FEDERICO RAMPINI , la Repubblica 27/9/2010, 27 settembre 2010
È FINITA LA RECESSIONE RECORD MA DA QUINDICI MESI LA RIPRESA USA GIRA A VUOTO - NEW YORK
Il fuggi fuggi dei consiglieri economici di Barack Obama, accelerato la settimana scorsa con l´annunciata partenza del "consigliere del principe" Larry Summers, segnala un disagio molto più profondo. Rivela la mancanza di nuove idee - in America e in tutto l´Occidente - per affrontare una crisi ormai diversa da tutte le crisi che l´hanno preceduta. Per una coincidenza singolare, la fuga degli economisti dalla Casa Bianca è avvenuta mentre l´arbitro supremo della congiuntura decretava la fine della recessione. Questo atto in America spetta al Business Cycle Dating Committee. E´ un gruppo di esperti che risponde al National Bureau of Economics Research. Sono loro a stabilire l´inizio e la fine di una recessione. E´ un annuncio delicato, che non si dà a cuor leggero viste le implicazioni sulle scelte di governo, il dibattito politico, la fiducia dei mercati e dei risparmiatori. Perciò viene fatto solo dopo avere digerito una montagna di dati (il Pil e anche i redditi, l´occupazione, la produzione industriale), un lavoro che fatto seriamente richiede molto tempo. Perciò solo adesso è giunto quel verdetto, per certi versi sorprendente: gli Stati Uniti sono usciti dalla recessione già nel giugno 2009.
In teoria dunque la ripresa è già vecchia di 15 mesi. Perché non se ne vedono gli effetti? Perché l´analisi dei supremi giudici del Business Cycle Dating Committee aggiunge altre cose, più importanti. Anzitutto, poiché la recessione cominciò nel dicembre 2007, è durata 18 mesi «ed è quindi la più lunga dalla seconda guerra mondiale». Ha superato perfino il tremendo choc petrolifero del 1973-75. Inoltre, avvertono i "giudici togati" dell´economia americana, «quella del 2007-2009 non solo è stata la recessione più lunga ma anche la più profonda per la distruzione di posti di lavoro». Constatare che sia finita «non significa affatto che l´economia sia tornata a funzionare a un ritmo normale» anche se la chiusura del Tarp, il fondo da 700 miliardi creato per evitare i crac bancari, testimonia che almeno quell´emergenza è superata. Al contrario il dopo-recessione ha un´anomalìa grave: «Da quando la ripresa è ufficialmente cominciata gli Stati Uniti continuano a perdere più posti di lavoro di quelli che creano». Per la precisione dalla "fine" della recessione la perdita netta è stata di 329.000 posti in 15 mesi. Di questo passo, avverte Robert Gordon della Northwestern University che è uno dei membri della grande giuria, «la disoccupazione resterà sopra il 9% della forza lavoro fino alle elezioni presidenziali del 2012». E´ un livello storicamente altissimo, inusuale per gli Stati Uniti, socialmente insostenibile. «Se vogliamo fare qualcosa per impedirlo - conclude subito - bisogna cominciare subito». A fare cosa?

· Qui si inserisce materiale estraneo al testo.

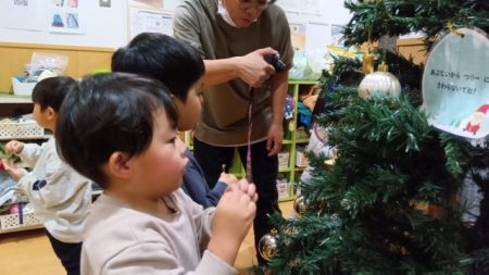 そんな中で保育園に一本のクリスマスツリーが建てられました!

E´ qui che la fuga degli economisti di Obama assume una rilevanza particolare. Summers, che era già stato il segretario al Tesoro di Bill Clinton, è stato considerato per decenni uno degli ingegni più brillanti nel suo campo. Alla radice del suo pensiero c´è una convinzione che è diventata dominante per la classe dirigente americana: la globalizzazione è "un gioco a somma positiva", da cui gli Stati Uniti possono trarre enormi benefici nello stesso tempo in cui ne traggono giovamento la Cina, l´India, il Brasile e le altre potenze emergenti. Questo assunto vacilla paurosamente sotto lo choc dell´ultima recessione. Nel 2009, per esempio, sono aumentati del 59% rispetto all´anno precedente i lavoratori americani il cui licenziamento è dovuto all´effetto del commercio estero. Coloro che perdono il posto e poi riescono a ritrovarlo, negli Stati Uniti, adesso in media devono accontentarsi di un reddito inferiore del 20% rispetto all´attività precedente. E il "made in Usa" ormai rappresenta solo il 5% della produzione mondiale di pannelli solari, nonostante che questa tecnologia sia stata inventata in America negli anni 80. Una certa idea della globalizzazione insegnava che i posti di lavoro perduti nell´industria manifatturiera si potevano recuperare nei servizi, e che l´America si sarebbe adattata alla competizione dei paesi emergenti spostandosi su attività sempre più qualificate. Invece ormai l´export della Cina o del Brasile verso il mercato Usa si sta spostando su prodotti ad alta tecnologia. Questo spiega le crescenti tensioni commerciali con Pechino e la voglia di protezionismo che sale al Congresso di Washington.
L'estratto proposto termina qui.